Local News
Assistant superintendent says all cutting will be done via computer simulation
Marc Valero | Highlands Today
Published: June 20, 2012
SEBRING - To dissect an earthworm, frog or any other specimen next school year, students won't need forceps, scalpels or probes.Published: June 20, 2012
Instead, they will be manipulating a mouse on a computer to perform virtual dissections.
Despite opposition from a couple of school board members and some teachers, Assistant Superintendent of Curriculum/Instruction Rebecca Fleck is sticking by her decision against hands-on dissections next year.
To save money, the district will use a grant that will provide, at no cost, virtual resources and training for virtual dissections, she said.
But the grant requires a promise of no real dissections, according to Secondary Programs Director Ruth Heckman.
At Monday's meeting, school board member Donna Howerton said she received more phone calls about the decision to end hands-on dissections in favor of virtual dissections.
She asked what action has been taken on the issue.
Schools Superintendent Wally Cox said he was unaware of any changes.
Assistant Superintendent Rebecca Fleck said the district will only be doing virtual dissections as planned.
"You have to pay attention to the time allotted to teach the standards that you are required to teach, and you also have to think in terms of what is the best learning experience for students," she said.
Research has shown that virtual dissection is just as good, if not a better, learning experience than hands-on dissection, she said. When a group of students is dissecting something, one error destroys the whole experience. If a student is absent that day, he or she has lost the opportunity.

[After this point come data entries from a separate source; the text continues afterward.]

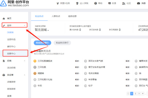 登录创作平台(we.taobao.com),在左边的菜单栏中打开【创作】,就可以找到创意中心了,如下图所示: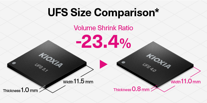 芯片封装尺寸甚至还可以影响到最终产品的大小,更小的芯片封装可以允许手机、平板、掌机腾出更多的内部空间安装电池,可以进行更多的个性化设计,增加产品竞争力。毕竟没有哪位同学可以接受掌机、手机与板砖是同一个尺寸。铠侠UFS 4.0可以做到体积相对上一代UFS 3.1缩小23.4%,给未来的产品设计提升留足了空间。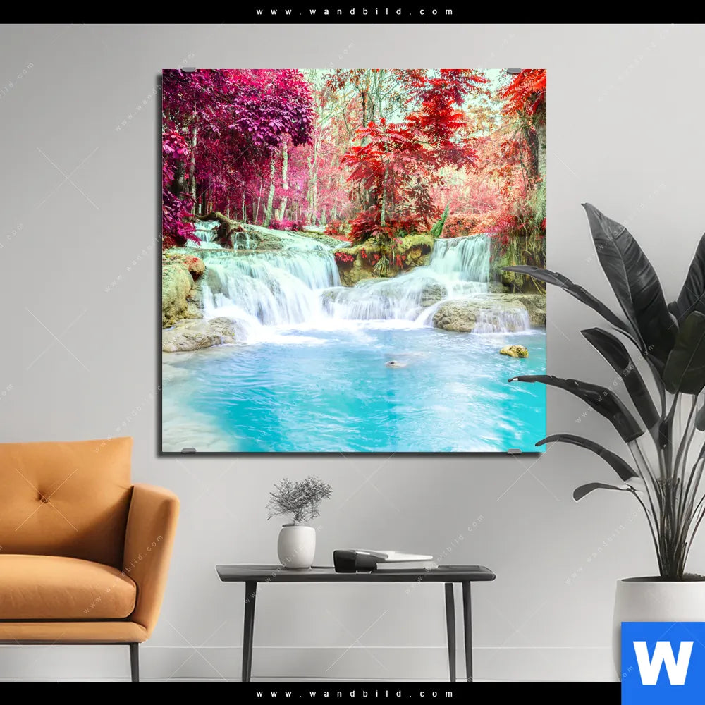 Acrylglasbild | Wald & Wasserfall No. 3 | Quadrat

Virtual dissection is being used in more and more high schools and universities across the U.S., she said.
Board Chairman J. Ned Hancock said teachers have told him they want to do different things that excite and engage students and make them want to learn.

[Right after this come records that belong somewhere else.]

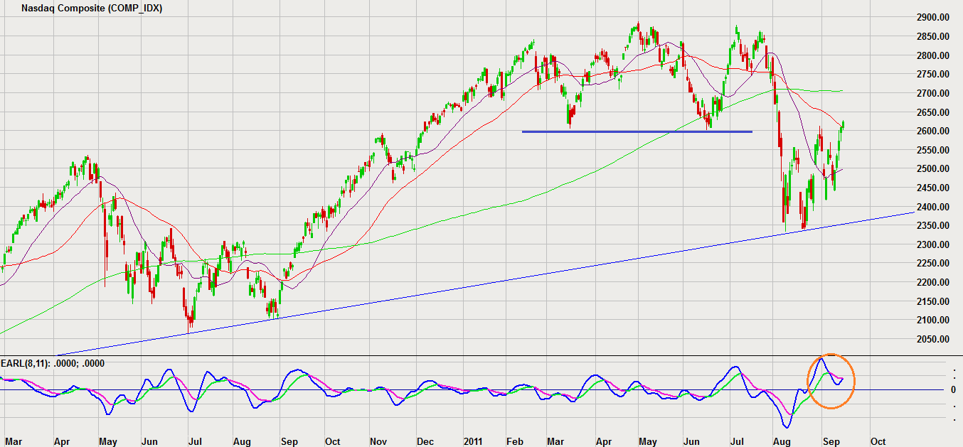 The Nasdaq has broken back above the 2600 level, which has been a major support level all year. This is a positive technical development, but it will be important for the market to confirm this breakout by holding above this level in the coming weeks and months. A fall-back would suggest a failed breakout and negate the signs of strength we just got.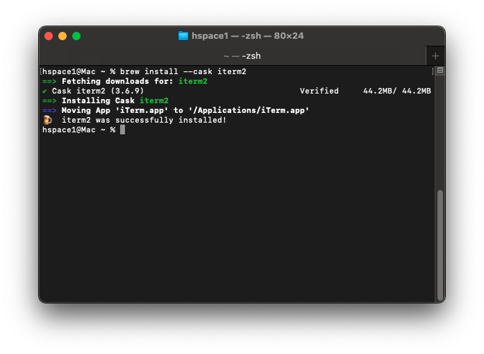 brew install --cask iterm2아래 이미지처럼 터미널에 다시 입력이 가능해 질 때까지 잠깐 기다리시면 됩니다.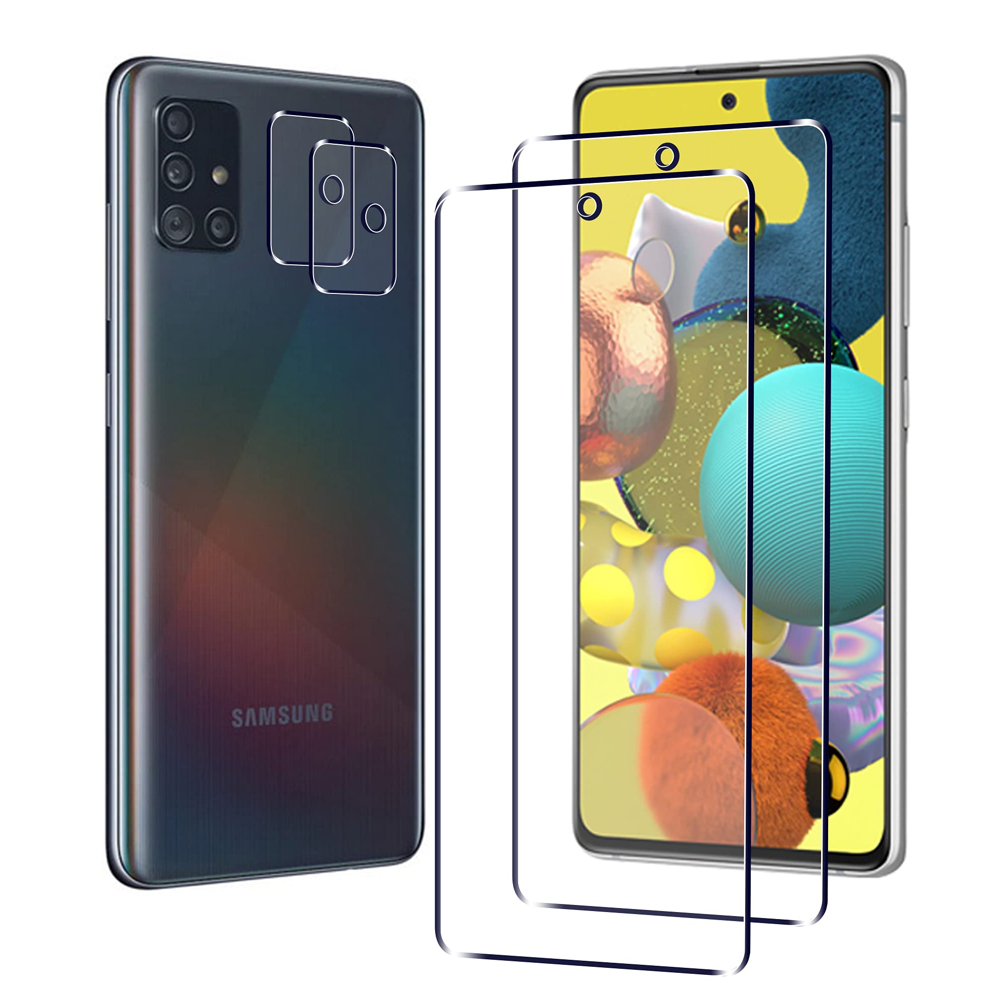 【新着商品】【2+2枚セット- 日本旭硝子素材】対応 Galaxy A51 5G SCG07 SC-54A ガラスフィルム (2枚) + レンズ保護フィルム (2枚) galaxy a51 5g フィルム さらさら 強化ガラス sc-54a 液晶保護フィルム 厚さ0.26 超薄 硬度9H 飛散防止 指紋防止 撥水撥油 耐衝撃 自動吸着 気泡ゼロ 貼り付け簡単 高感度 高透過率 ラウンドエッジ加工 3D Touch対応

"It would be a shame to say we are not going to allow this (hands-on dissections) to happen in our schools," he said. "I think we offer a very diverse group of students very diverse opportunities. I just don't understand why we make the blanket decision 'nobody can do it.'"
Fleck said there had been ongoing discussion on the issue among science resource teacher Dorothea Strickland and science teachers.
Lake Placid High biology teacher David Irwin said Tuesday the policy change came as a surprise
"As the biology teachers, we were end-arounded by this; nobody ever mentioned anything to us; never got any input from us; never even said anything until they just told us, 'You can't do dissections anymore,'" he said.
Teachers try to show students the relevance of what they are learning, Irwin said. The best examples of relevance are hands-on activities and real-world applications, and that is what officials have pulled out of classrooms.
After dissecting earthworms and frogs, students work with a fetal pig, which is similar to the human body, he said. All the organs are the same with the same relative proportion to each other. It is as close to looking at the inside of a mammal as most kids will ever get.
It is not as expensive to get specimens as everybody thinks, Irwin said.
"If you are thinking about going into the medical field, if you don't figure out early that you don't know how to do this or you can't handle it, you have wasted a bunch of time and money in school," he said.
"There is nobody in the medical community that agrees with it because it is one of the prime things that you have to know how to do."
Avon Park High biology teacher Jenna Hancock (no relation to Ned) said kids love hands-on dissections.
"We do a lot of stuff with computers in biology now; they grow bored of the computers," she said. "We really have to vary it and can't do everything on a computer or else they are going to get sick of it."
She used to have her students do a virtual dissection first so they had an idea of what they were supposed to do before actually cutting on a real specimen, Hancock said.
Her students probably won't be as excited about virtual dissections as they were with the real animals, she said.
"It's kind of a pity in my opinion; I know my colleagues would agree with me in that statement," Hancock said. "We would really enjoy continuing to dissect real specimens.
"I hope that they will think about what they are trying to make us do and maybe change their minds. I am really glad that Mr. Hancock has taken a stance on this because I think it is worth looking at again."